(Task) Transcribe exactly the lines from the one containing "-Entrati nel primo" through the end of the data, both included. Leave out pictures.

Segment Start: Data section

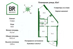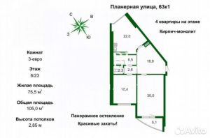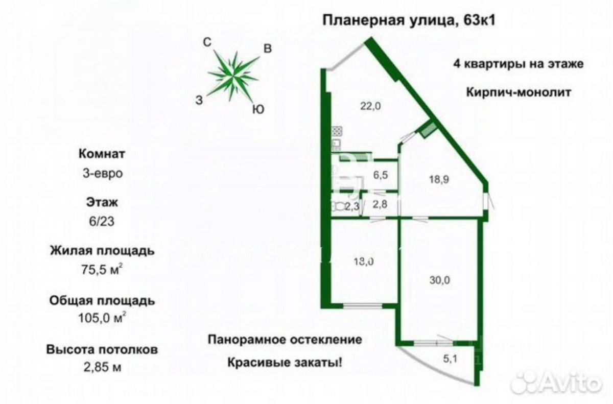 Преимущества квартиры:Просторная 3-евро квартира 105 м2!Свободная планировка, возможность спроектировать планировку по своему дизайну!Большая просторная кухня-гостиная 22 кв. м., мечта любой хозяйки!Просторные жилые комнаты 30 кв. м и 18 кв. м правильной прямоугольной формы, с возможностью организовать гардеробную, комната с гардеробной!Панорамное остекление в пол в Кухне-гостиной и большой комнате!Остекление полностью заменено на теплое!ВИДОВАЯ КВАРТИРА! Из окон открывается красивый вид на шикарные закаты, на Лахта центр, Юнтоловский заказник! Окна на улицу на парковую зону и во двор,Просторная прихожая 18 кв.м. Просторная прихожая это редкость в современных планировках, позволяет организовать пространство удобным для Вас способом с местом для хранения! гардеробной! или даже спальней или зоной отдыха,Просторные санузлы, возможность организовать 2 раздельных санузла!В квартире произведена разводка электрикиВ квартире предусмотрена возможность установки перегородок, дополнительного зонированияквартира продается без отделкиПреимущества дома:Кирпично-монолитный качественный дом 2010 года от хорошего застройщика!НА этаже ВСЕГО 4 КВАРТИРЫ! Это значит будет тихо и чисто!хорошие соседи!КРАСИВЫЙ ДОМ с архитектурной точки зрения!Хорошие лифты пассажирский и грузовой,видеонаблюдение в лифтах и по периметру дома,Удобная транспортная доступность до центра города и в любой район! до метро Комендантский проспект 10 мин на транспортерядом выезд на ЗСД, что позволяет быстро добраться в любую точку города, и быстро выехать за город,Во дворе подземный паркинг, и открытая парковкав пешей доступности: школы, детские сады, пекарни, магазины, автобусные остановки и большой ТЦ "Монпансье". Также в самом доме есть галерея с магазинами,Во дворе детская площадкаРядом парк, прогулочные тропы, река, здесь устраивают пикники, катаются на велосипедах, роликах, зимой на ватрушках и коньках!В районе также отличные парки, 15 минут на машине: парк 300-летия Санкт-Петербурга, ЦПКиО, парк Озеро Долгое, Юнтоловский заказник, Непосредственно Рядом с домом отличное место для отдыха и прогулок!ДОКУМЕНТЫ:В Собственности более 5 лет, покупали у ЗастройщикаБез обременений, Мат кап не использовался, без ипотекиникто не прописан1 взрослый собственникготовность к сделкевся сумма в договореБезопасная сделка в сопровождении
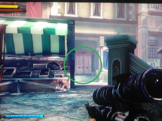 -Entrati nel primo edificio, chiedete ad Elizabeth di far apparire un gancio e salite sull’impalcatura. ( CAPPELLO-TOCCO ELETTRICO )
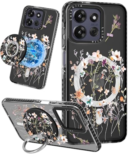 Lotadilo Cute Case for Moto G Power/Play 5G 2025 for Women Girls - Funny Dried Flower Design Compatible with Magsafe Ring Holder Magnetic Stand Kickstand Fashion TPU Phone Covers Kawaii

Segment End: Data section

(Output of the exercise)
 -Entrati nel primo edificio, chiedete ad Elizabeth di far apparire un gancio e salite sull’impalcatura. ( CAPPELLO-TOCCO ELETTRICO )
 Lotadilo Cute Case for Moto G Power/Play 5G 2025 for Women Girls - Funny Dried Flower Design Compatible with Magsafe Ring Holder Magnetic Stand Kickstand Fashion TPU Phone Covers Kawaii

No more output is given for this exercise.